Redacción / Agencias
La temporada 2025/26 de la NFL llega a su fin, pero lo hace con broche de oro. Este domingo 8 de febrero, el Levi’s Stadium de Santa Clara, California, se convertirá en el epicentro del deporte a nivel mundial al albergar el Super Bowl LX, que enfrentará a los New England Patriots contra los Seattle Seahawks.
En línea general, el partido consagratorio de la principal liga de fútbol americano en el orbe entrega diversos aspectos a considerar en términos deportivos y comerciales. Desde el punto de vista de los protagonistas, esta definición tendrá cara a cara a las dos mejores franquicias de la campaña, ya que tanto New England como Seattle terminaron con rendimientos sobresalientes en el curso regular (14 victorias y apenas tres derrotas) y, durante su desempeño en los playoffs, ganaron los títulos de la Conferencia Americana y Nacional, de forma respectiva.

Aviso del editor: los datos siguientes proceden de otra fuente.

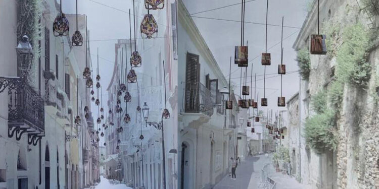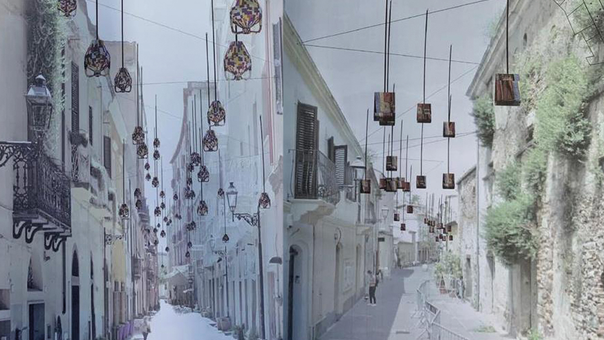 La proposta dell’architetto Zecchin prevede “la realizzazione lungo Corso Umberto I e lungo la Via de Castro di dispositivi volanti, esili e sottili. Per ciascun sito è prevista l’installazione di aste sospese che si appoggiano ad una struttura intelaiata formata da uno spartito di funi fissate ai muri degli edifici. Sulla sommità dell’asta sarà integrata una illuminazione al led dotata di micro-caricatore fotovoltaico integrato. All’estremità inferiore di ciascuna asta saranno fissati “oggetti cari” identitari legati alle tematiche culturali/territoriali”.

Por otro lado, si se tiene en cuenta el plano de la parafernalia económica, el evento promete batir récords de audiencia y ganancias publicitarias en el gigante norteamericano, así como también en el resto del planeta.
Este evento representa el mayor espectáculo deportivo de Estados Unidos, que definirá al campeón de la temporada 2025 de la NFL. Se espera que el espectáculo congregue a 130 millones de personas detrás de la pantalla, pues la transmisión se distribuirá a 195 países, con la posibilidad de escuchar los relatos en 25 idiomas diferentes.